@aj-archipelago/cortex
Version:
Cortex is a GraphQL API for AI. It provides a simple, extensible interface for using AI services from OpenAI, Azure and others.
94 lines (74 loc) • 3.5 kB
Markdown
# Markitdown Azure Function Converter
This Azure Function App provides an HTTP endpoint to convert various file formats (specified by a URI) to Markdown using the `microsoft/markitdown` Python library.
## Function: MarkitdownConverterFunction
* **Trigger**: HTTP (GET, POST)
* **Route**: `/api/convert` (or as configured by your Azure Function host settings)
* **Authentication**: Function (requires a function key for access)
### Input
The function expects a `uri` parameter, either in the query string (for GET requests) or in the JSON body (for POST requests).
**Example GET Request:**
```
GET /api/convert?uri=https://www.example.com/somefile.pdf
```
**Example POST Request:**
```
POST /api/convert
Content-Type: application/json
{
"uri": "https://www.example.com/somefile.docx"
}
```
### Output
* **Success (200 OK):** Returns a JSON object containing the original URI and the converted Markdown content.
```json
{
"uri": "https://www.example.com/somefile.pdf",
"markdown": "# Converted Markdown Content\n..."
}
```
* **Bad Request (400):** If the `uri` parameter is missing.
* **Internal Server Error (500):** If an error occurs during the conversion process.

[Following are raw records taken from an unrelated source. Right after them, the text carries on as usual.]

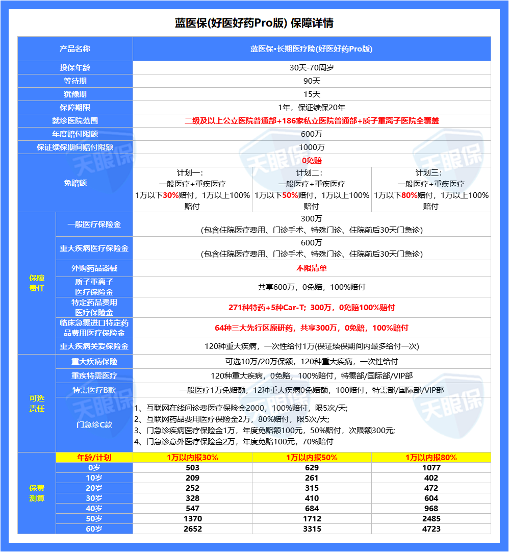 像上面提到的蓝医保好医好药版,如果是个人买的话,55岁以上投保,需要提供具体的体检报告,投保难度大大增加;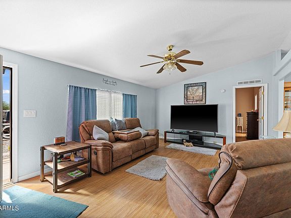 This delightful 3 bed/2 bath home sits on an oversized lot in the quaint Circle City neighborhood with no HOA. You will appreciate the open concept split floorplan. The spacious kitchen has plenty of cabinets, built in desk and display cabinet, The primary bedroom has a walk in closet and a bathroom with shower. Enjoy the outdoors on the covered patio overlooking the huge low maintenance backyard with storage shed and newly installed wrought iron fencing. Solar equipment allows for comfortable living with minimal electric bills The interior was recently painted and a new a/c installed in 2020 making this home move in ready just for you!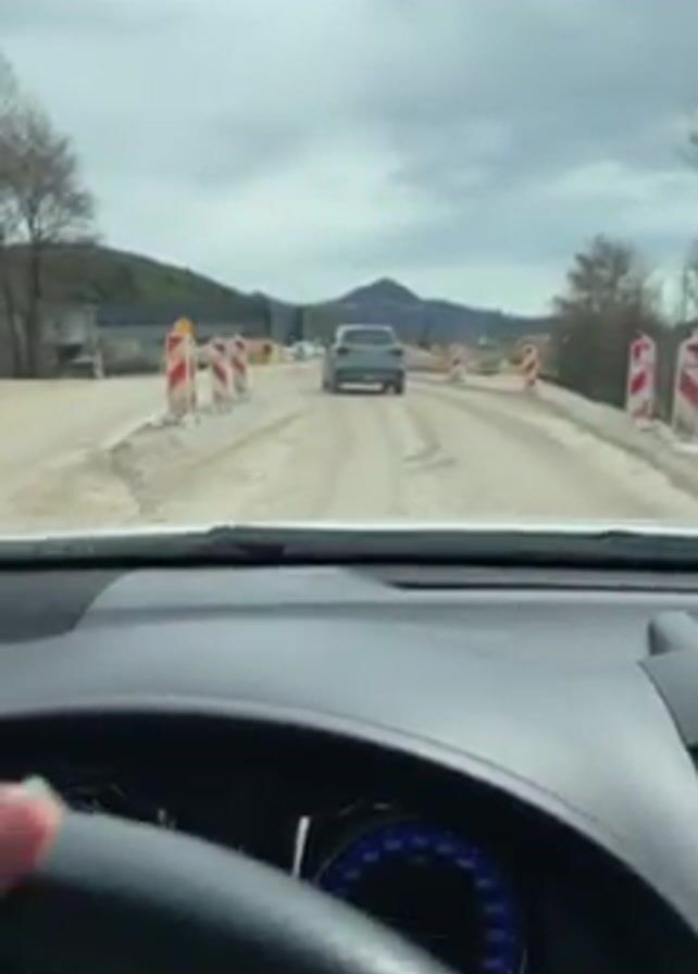 From the perspective of the driver inside a white vehicle, a bumpy, dirt road is shown with red and white striped poles lining both sides of the road. In the distance is a gray SUV driving ahead, and a mountain is visible in the background under a cloudy sky. The driver's hand is briefly visible on the steering wheel. The dashboard of the vehicle is visible, displaying the speedometer and other gauges. The overall scene suggests a road construction or repair area.

The response will contain an error message and details.
```json
{
"error": "Failed to convert URI to Markdown.",
"details": "<specific error message from the library>"
}
```
## Project Structure
```
cortex-markitdown/
├── MarkitdownConverterFunction/
│ ├── __init__.py # The Python code for the Azure Function
│ └── function.json # Configuration file for the Azure Function (bindings, triggers)
├── .gitignore # Standard Python .gitignore
├── host.json # Configuration for the Azure Functions host
├── requirements.txt # Python package dependencies
└── README.md # This file
```
## Prerequisites
* Azure Functions Core Tools
* Python 3.8+ (check Azure Functions Python version compatibility)

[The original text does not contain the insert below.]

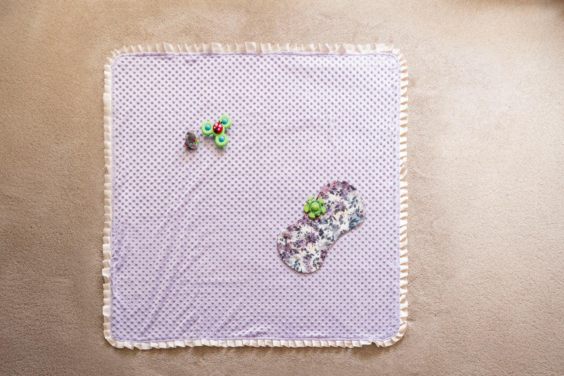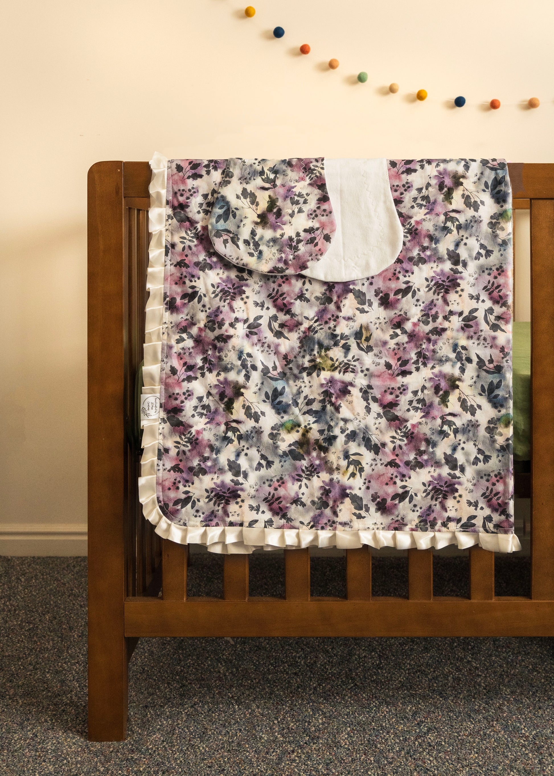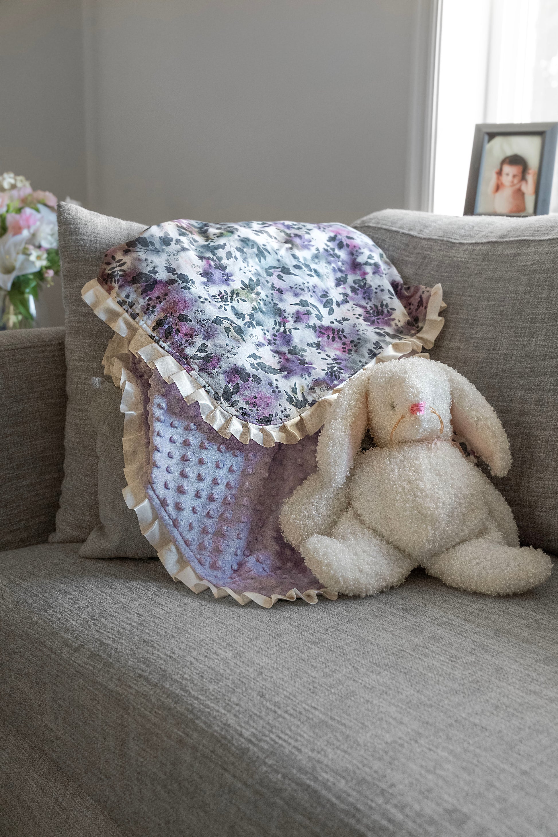 45" x 45" ultra-soft Cotton on Minky fabric with a Satin Ribbon edge

* An Azure account (for deployment)
## Setup and Local Development
1. **Clone the repository (if applicable).**
2. **Create and activate a virtual environment:**
```bash
python -m venv .venv
source .venv/bin/activate # On Windows use `.venv\Scripts\activate`
```
3. **Install dependencies:**
```bash
pip install -r requirements.txt
```
4. **Run the Azure Function locally:**
```bash
func start
```
The function should be available at `http://localhost:7071/api/convert` (the port might vary).
## Dependencies
* `azure-functions`: For creating Azure Functions.
* `markitdown[all]`: The core library used for file conversion to Markdown. The `[all]` option installs all optional dependencies for handling various file types.
## Notes
* The `MarkItDown` instance in `__init__.py` is initialized with `enable_plugins=True` to allow for extended file format support through plugins.
* For handling images that require OCR or descriptions, the `markitdown` library might need an LLM client (e.g., OpenAI) configured. This is not included in the basic setup provided but can be added by modifying the `MarkItDown()` instantiation in `__init__.py` and ensuring the necessary environment variables (like API keys) are available to the function.
* Ensure that the URIs provided to the function are publicly accessible or accessible from the environment where the Azure Function is running.